Леди Боклер обратила ко мне взгляд из-под атласной маски, за которой только что спряталась, сославшись на необходимость защититься от солнца и ветра — крайне неблагоприятных, по ее словам, для цвета лица: совершенно неважно, что в тот момент воздух был неподвижен, а солнце едва-едва показалось над крышами Мейфэра и Пиккадилли, когда мы втроем брели по Конститьюшн-Хилл в Грин-Парке.
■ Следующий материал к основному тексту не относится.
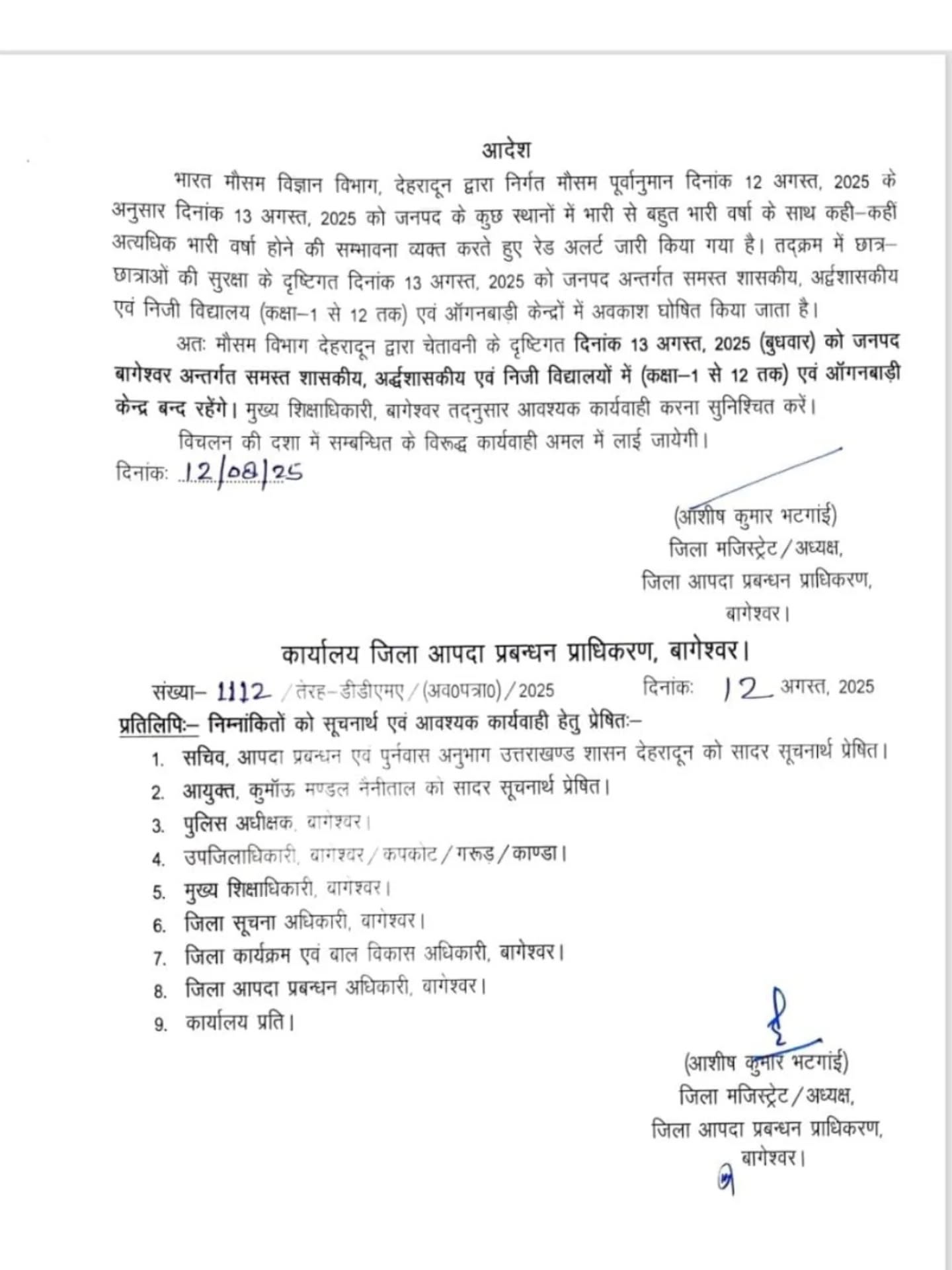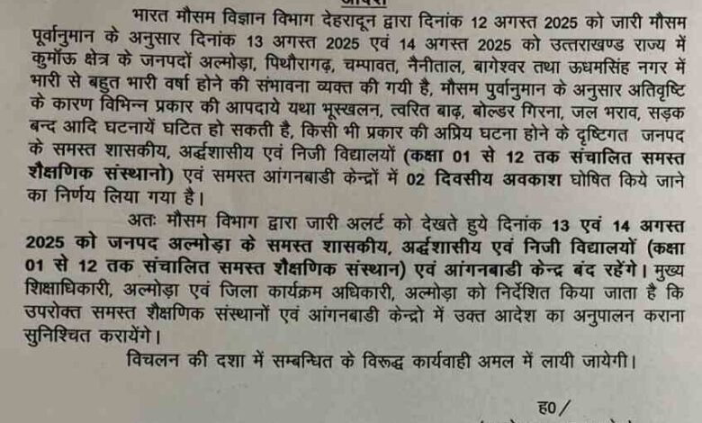 अल्मोड़ा/बागेश्वर। मौसम विज्ञान केंद्र, देहरादून की ओर से जारी भारी बारिश के पूर्वानुमान के दृष्टिगत अल्मोड़ा जनपद के सभी (कक्षा 1 से 12वीं तक) विद्यालयों और आंगनबाड़ी केंद्रों में 13 और 14 अगस्त को अवकाश घोषित किया गया है। जबकि, बागेश्वर जनपद में कल 13 अगस्त सभी (कक्षा 1 से 12वीं तक) विद्यालयों और आंगनबाड़ी केंद्रों में अवकाश घोषित किया गया है।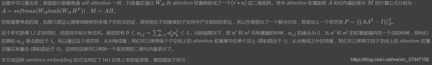 A Structured Self-Attentive Sentence Embedding 是发表在 ICLR2017 上的一篇文章,其本质上是对输入序列做 self-attention 操作,与普通 self-attention 不同的是,这篇文章的做法是将得到的 attention 权重扩展到了 rr 维,这样就得到了一个二维的句向量表示 (r×n)(r×n)。其实也就是将原本的 (1×n)(1×n) 的 attention 权重映射到了 rr 个不同的子空间上。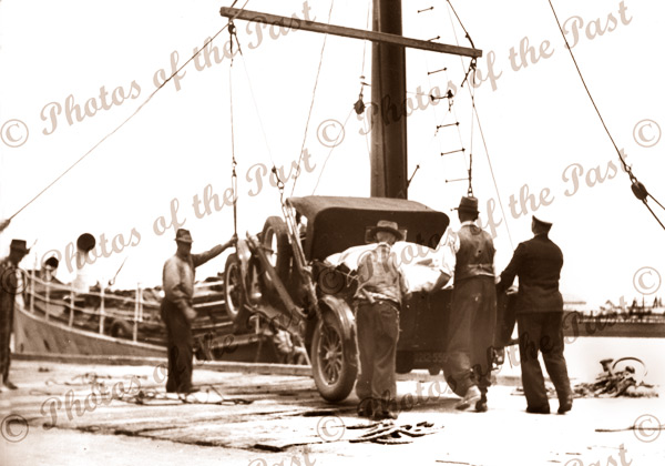 Loading Essex x 6 buck-board on SS KARATTA,Pt Adelaide, SA. Dec 1946 South Australia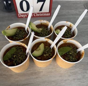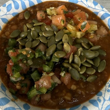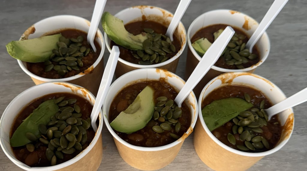 On the menu today was a nice cup of Butternut Bulgur Chili, paired with Island Heat Jamaican Jerk Jackfruit Tacos. For the accoutrements, because Soup Club energy never takes a day off, we had two varieties of hand cut salsa, sliced avocado, and pumpkin seeds.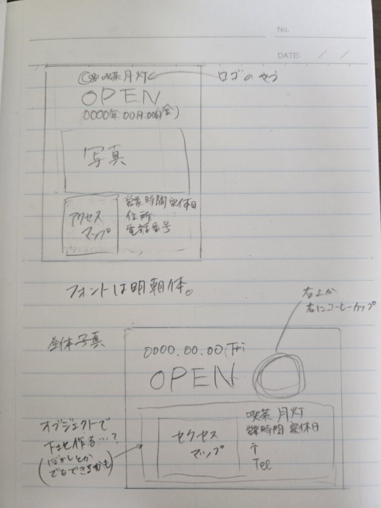 10月16日に作成したロゴを基に喫茶店オープンを想定したDMを作成。時間が足りず細かい調整がやりきれなかった。(主に2枚目の横型)
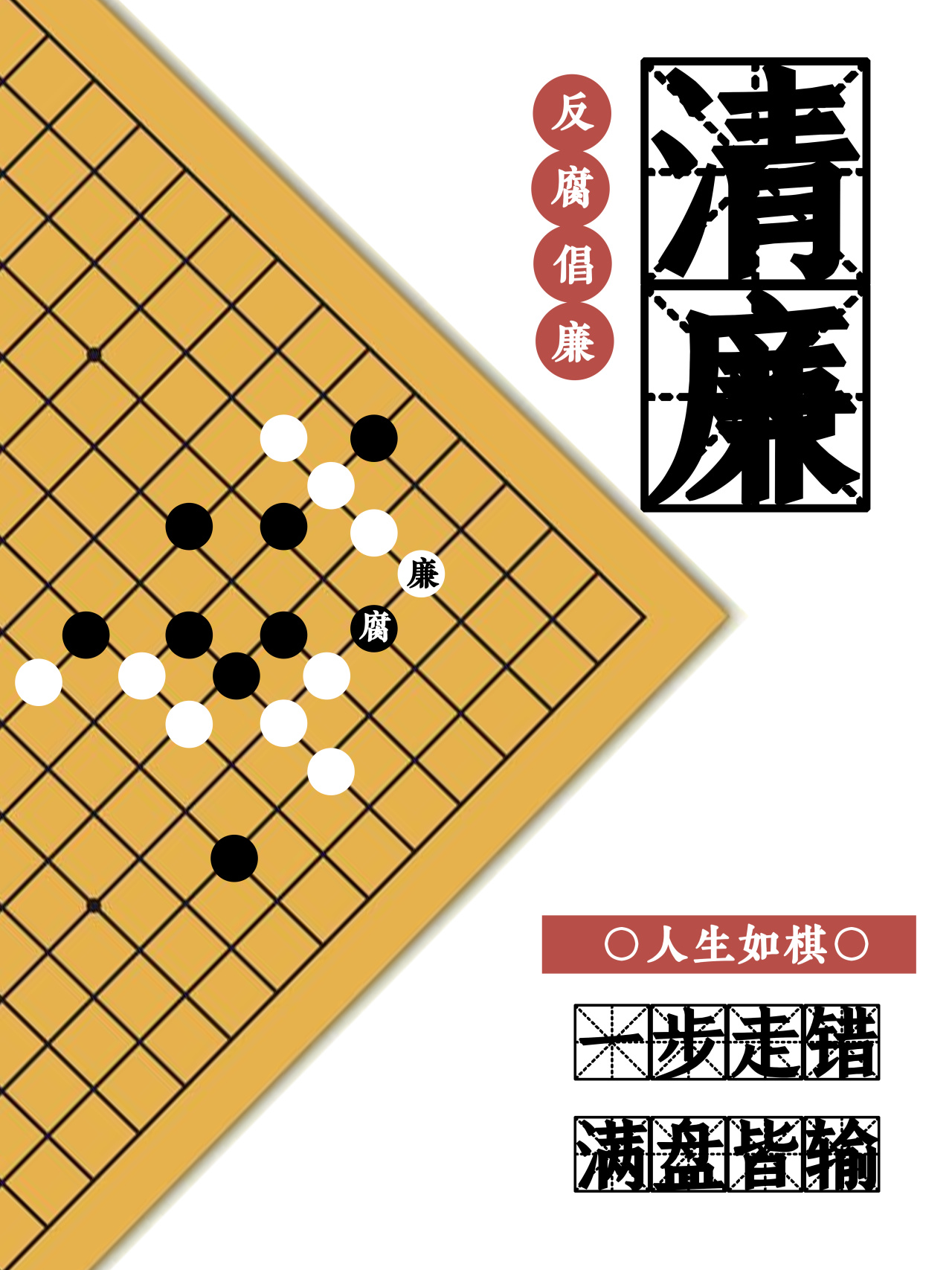 人生如下棋,正如毛泽东在《中国革命战争的战略问题》中说“一着不慎,满盘皆输”,乃是说对全局有决定意义的一着。清廉与腐败只在一念之间,海报中展示的代表廉洁的白子和代表腐败的黑子,输赢只在最后一子,人生的每一步都要谨慎落子,坚守清廉,否则一步走错,满盘皆输。以此警醒人们时刻坚守清廉,反腐倡廉。

Мне никогда еще не доводилось видеть миледи при естественном освещении, пускай даже самом слабом. Слушая ее, я размышлял о том, что она впервые показывается мне не только вне дома, но и просто при свете дня; раньше, если исключить наше первое свидание, в общественном месте мы не встречались. В теперешних обстоятельствах облик ее заметно изменился. Густая масса волос, при свечах черная как смоль, сейчас манила взгляд золотисто-каштановым отливом, хотя изначально она, вне сомнения, венчала чью-то иную голову — возможно, юной привлекательной поселянки. В тусклых лучах солнца ее бледные напудренные щеки, прежде чем спрятаться под маской, показались синеватыми, точно снятое молоко, однако даже в этом неясном свете блестели перламутром, а также пурпуром и ярь-медянкой, украшавшими шейки голубей, которые сновали у наших ног. Нос миледи странным образом вытянулся вперед; губы сделались тоньше, несмотря на покрывавший их слой кармина; черты лица выглядели более жесткими и угловатыми, словно они отражались в хорошо отполированном, но треснувшем зеркале. Та же самая дама — и одновременно другая, как если бы два разных портрета накладывались друг на друга и сливались до нераздельности, причем один можно было различить только под определенным углом зрения, подобно смутной фигуре на моем холсте, проступающей сквозь «Даму при свете свечи». Я старался припомнить любопытную теорию Пинторпа насчет свечи и обоев: в ней посредством какого-то логического ухищрения существование последних упразднялось; говорилось там что-то относительно красок, допускающих различные вариации, о предметах и лицах, меняющихся в зависимости от освещения; о том, что свет и люди лукавят, хитрят, вводят в обман, будто всякий человек всего лишь намалеван на театральном заднике или представляет из себя trompe-1'oeil.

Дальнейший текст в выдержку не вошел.